▶ **The task**
Return the lines that run from the line containing "Ahora bien, en" through the end of the entries, both ends included. Leave out all pictures.

Saved data entries
========

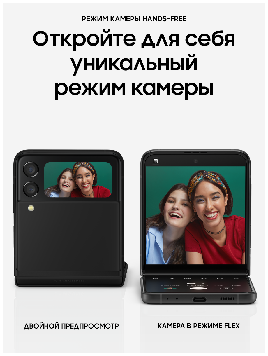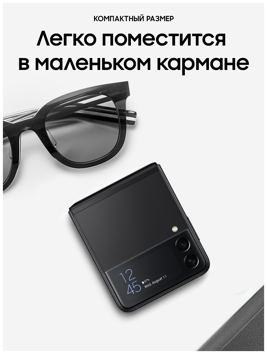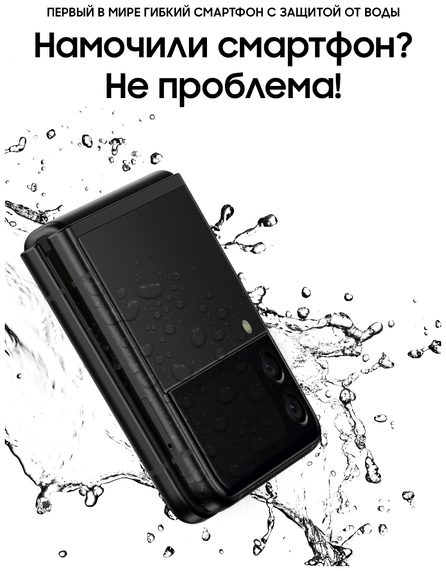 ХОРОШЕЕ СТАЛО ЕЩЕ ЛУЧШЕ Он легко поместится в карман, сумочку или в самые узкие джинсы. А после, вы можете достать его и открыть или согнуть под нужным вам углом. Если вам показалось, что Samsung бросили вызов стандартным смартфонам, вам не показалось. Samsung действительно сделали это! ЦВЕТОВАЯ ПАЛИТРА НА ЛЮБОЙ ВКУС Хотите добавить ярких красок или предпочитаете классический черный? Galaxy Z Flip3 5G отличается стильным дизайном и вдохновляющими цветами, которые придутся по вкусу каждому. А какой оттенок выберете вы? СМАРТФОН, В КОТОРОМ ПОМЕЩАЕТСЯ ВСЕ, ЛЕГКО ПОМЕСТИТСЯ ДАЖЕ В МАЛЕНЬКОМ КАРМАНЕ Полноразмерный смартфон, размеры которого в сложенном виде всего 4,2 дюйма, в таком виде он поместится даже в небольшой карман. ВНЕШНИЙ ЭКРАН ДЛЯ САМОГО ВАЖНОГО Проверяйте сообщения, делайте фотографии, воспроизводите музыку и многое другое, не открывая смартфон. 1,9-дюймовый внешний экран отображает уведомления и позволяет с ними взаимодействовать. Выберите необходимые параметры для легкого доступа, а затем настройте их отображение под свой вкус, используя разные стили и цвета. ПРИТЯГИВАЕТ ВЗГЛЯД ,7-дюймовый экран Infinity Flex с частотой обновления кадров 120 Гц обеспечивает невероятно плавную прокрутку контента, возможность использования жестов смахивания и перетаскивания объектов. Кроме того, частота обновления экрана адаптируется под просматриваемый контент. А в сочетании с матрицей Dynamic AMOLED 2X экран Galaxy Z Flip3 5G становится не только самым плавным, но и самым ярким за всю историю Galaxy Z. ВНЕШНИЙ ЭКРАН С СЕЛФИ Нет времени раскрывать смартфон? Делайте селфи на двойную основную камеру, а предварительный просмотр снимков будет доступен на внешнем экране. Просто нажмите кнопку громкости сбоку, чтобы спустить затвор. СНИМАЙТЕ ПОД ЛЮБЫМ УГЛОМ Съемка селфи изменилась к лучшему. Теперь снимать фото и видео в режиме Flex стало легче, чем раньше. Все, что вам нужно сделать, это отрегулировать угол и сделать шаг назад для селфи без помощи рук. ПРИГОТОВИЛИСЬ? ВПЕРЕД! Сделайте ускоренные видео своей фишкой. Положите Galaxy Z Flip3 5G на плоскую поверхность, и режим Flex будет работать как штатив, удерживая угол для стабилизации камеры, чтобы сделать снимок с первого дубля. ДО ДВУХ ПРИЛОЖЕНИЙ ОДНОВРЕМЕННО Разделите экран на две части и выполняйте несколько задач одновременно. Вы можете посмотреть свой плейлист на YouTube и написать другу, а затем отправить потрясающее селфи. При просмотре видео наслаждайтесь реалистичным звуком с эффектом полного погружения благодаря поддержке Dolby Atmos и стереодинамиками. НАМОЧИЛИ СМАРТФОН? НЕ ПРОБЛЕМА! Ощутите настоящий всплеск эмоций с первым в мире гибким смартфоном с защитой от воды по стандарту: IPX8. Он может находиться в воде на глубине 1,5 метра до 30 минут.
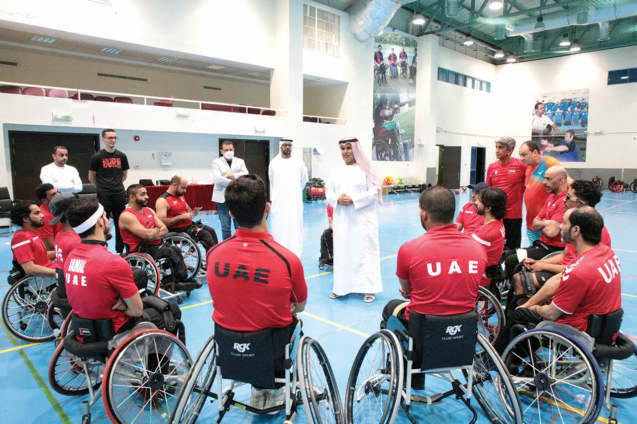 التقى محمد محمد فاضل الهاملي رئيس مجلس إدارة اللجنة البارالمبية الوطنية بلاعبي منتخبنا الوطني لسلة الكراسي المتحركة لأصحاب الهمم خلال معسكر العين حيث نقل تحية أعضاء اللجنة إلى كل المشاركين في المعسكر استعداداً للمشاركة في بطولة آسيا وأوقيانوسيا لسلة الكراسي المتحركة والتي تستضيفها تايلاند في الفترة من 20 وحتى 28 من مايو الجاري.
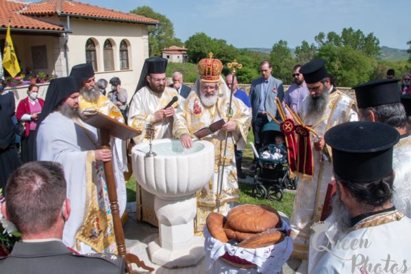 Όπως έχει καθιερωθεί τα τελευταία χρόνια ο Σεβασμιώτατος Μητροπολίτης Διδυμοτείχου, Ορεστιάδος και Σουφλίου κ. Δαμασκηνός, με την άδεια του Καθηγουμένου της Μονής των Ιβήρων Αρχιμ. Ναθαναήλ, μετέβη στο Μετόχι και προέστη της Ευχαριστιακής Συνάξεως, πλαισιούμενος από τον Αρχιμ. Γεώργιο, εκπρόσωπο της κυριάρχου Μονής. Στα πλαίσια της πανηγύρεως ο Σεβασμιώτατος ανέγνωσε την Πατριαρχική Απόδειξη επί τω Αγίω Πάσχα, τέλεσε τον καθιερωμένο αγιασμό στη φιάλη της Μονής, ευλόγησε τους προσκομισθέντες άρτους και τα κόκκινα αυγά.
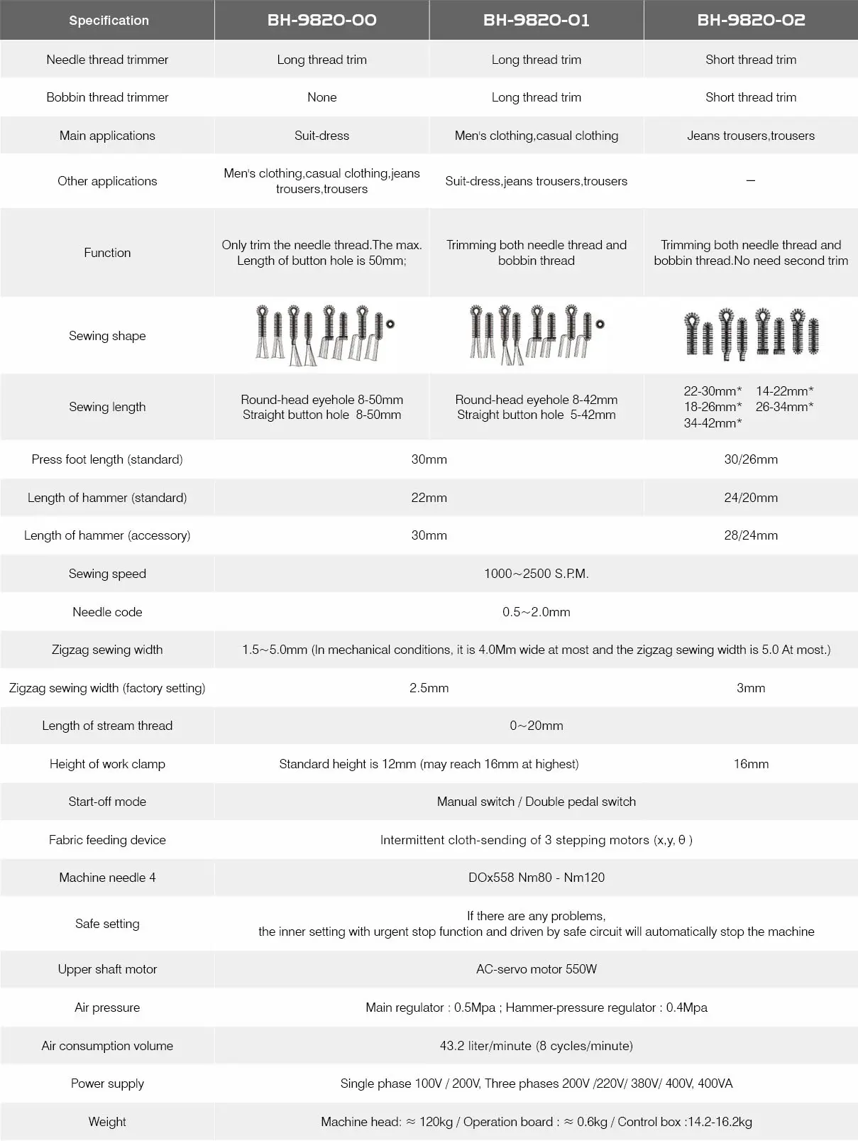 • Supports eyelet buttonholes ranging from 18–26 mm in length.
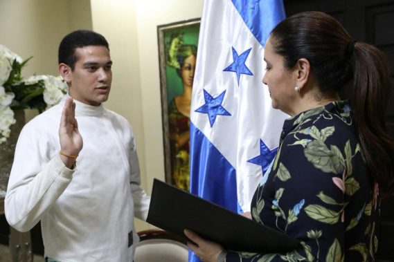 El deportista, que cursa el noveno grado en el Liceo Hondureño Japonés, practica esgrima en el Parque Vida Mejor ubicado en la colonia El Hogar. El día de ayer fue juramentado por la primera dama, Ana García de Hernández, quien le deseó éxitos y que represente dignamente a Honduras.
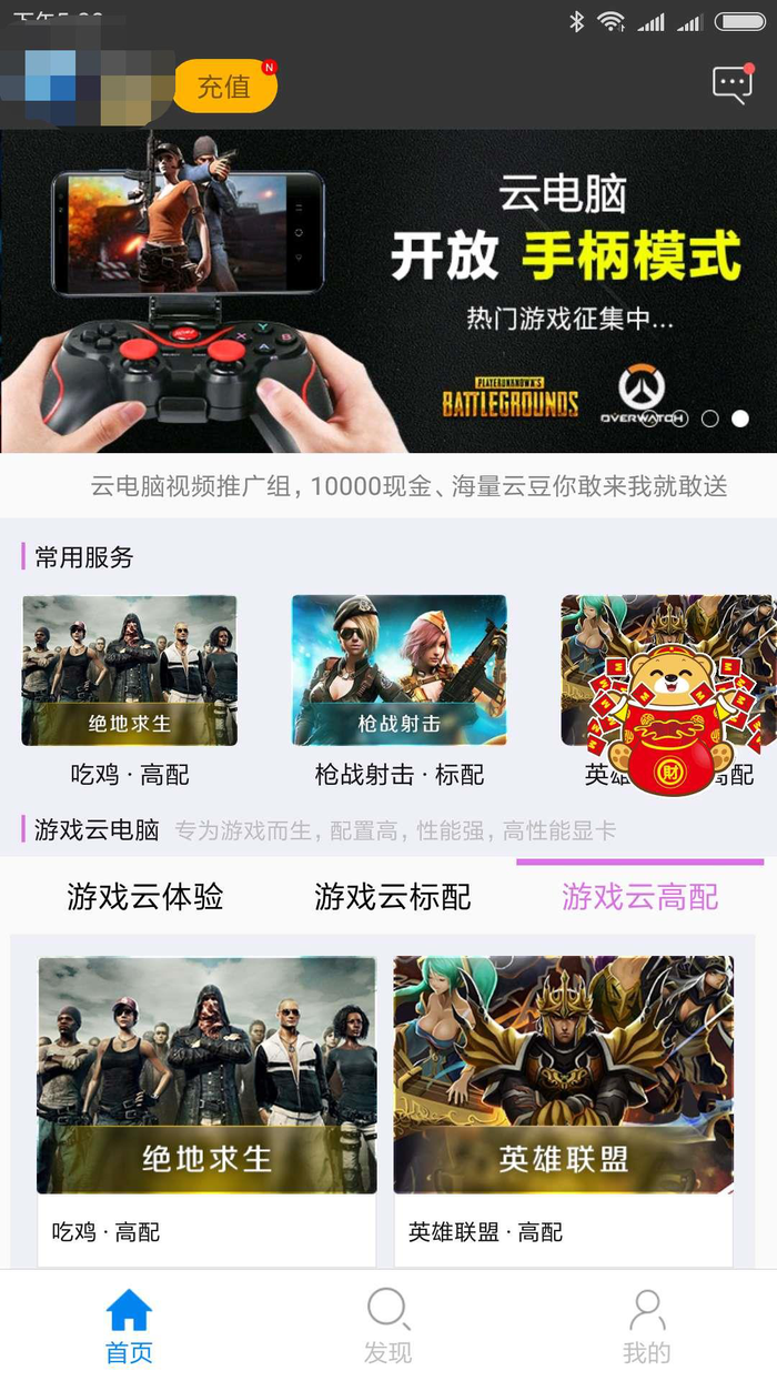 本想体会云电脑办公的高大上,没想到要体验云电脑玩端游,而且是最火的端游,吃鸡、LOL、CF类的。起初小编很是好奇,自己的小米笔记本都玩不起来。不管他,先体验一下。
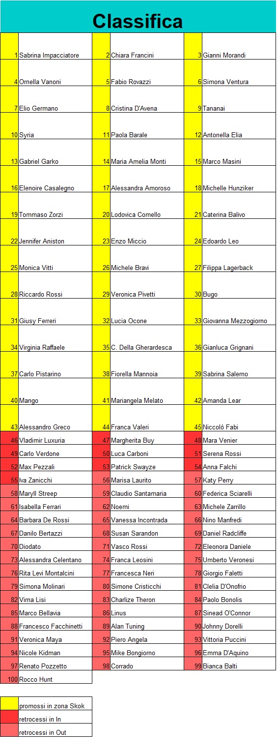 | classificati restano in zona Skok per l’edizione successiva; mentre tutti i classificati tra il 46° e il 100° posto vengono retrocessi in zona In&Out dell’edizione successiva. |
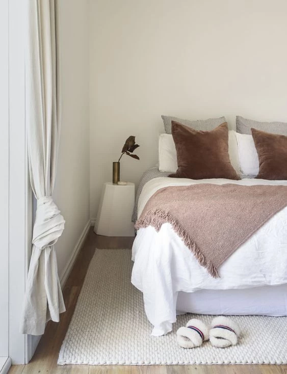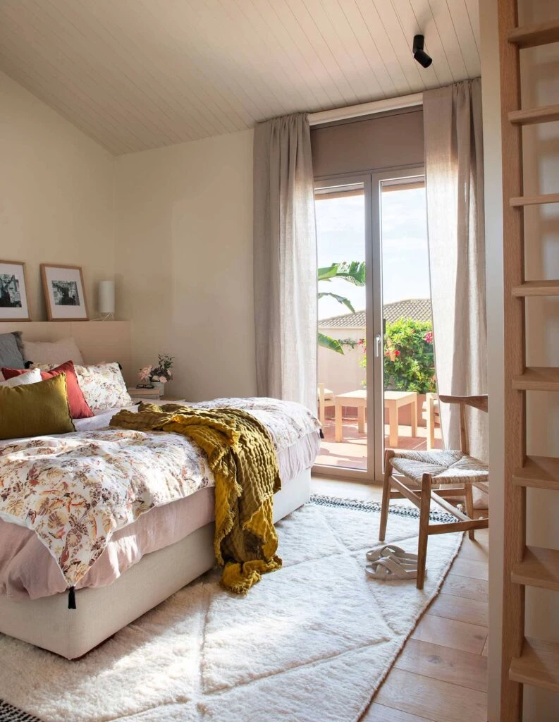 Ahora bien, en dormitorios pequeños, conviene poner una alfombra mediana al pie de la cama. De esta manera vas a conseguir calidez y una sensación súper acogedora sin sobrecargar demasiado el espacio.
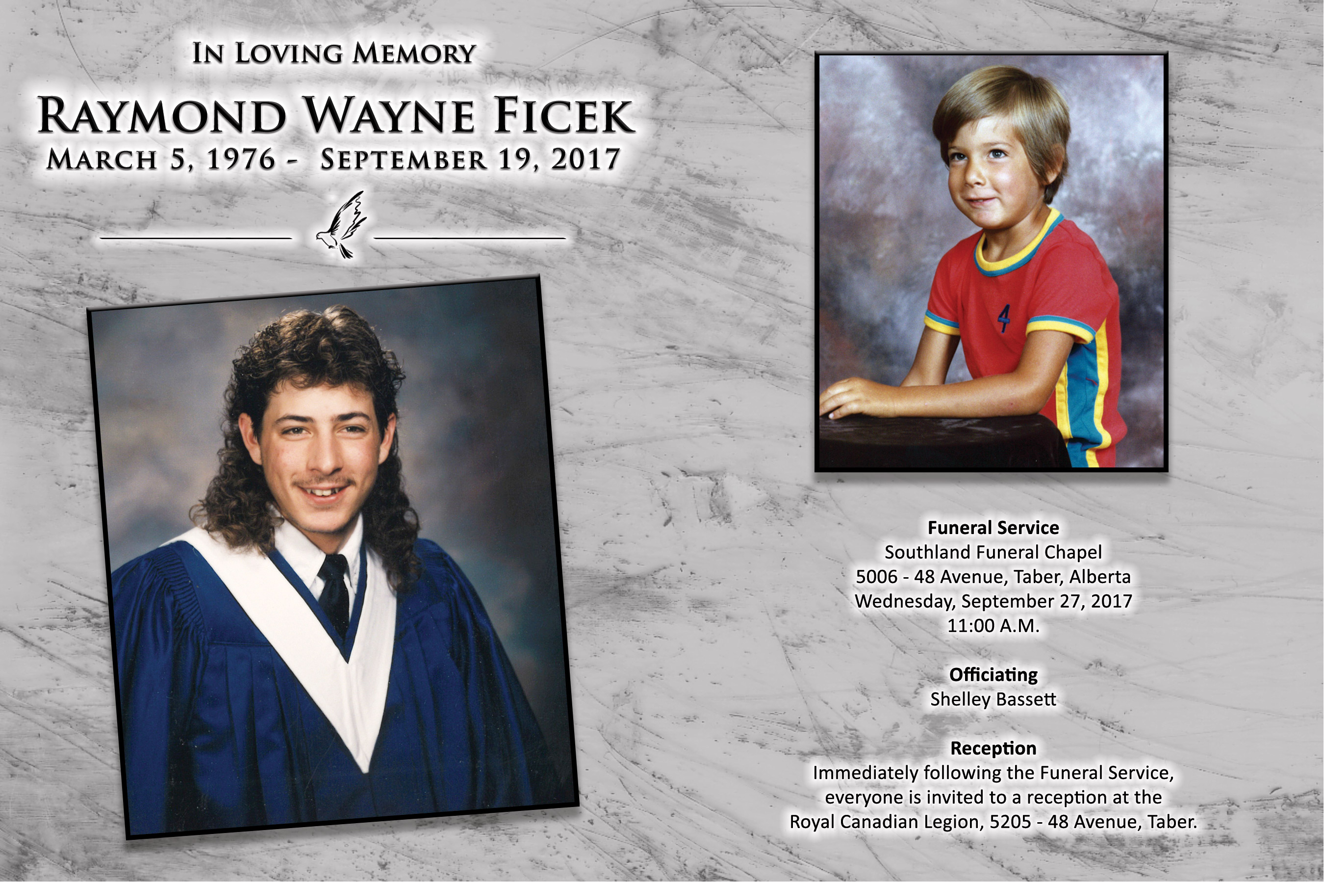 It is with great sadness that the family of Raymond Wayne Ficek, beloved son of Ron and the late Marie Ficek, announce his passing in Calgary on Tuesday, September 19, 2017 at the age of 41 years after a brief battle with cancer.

========

▶ **Expected answer**
 Ahora bien, en dormitorios pequeños, conviene poner una alfombra mediana al pie de la cama. De esta manera vas a conseguir calidez y una sensación súper acogedora sin sobrecargar demasiado el espacio.
 It is with great sadness that the family of Raymond Wayne Ficek, beloved son of Ron and the late Marie Ficek, announce his passing in Calgary on Tuesday, September 19, 2017 at the age of 41 years after a brief battle with cancer.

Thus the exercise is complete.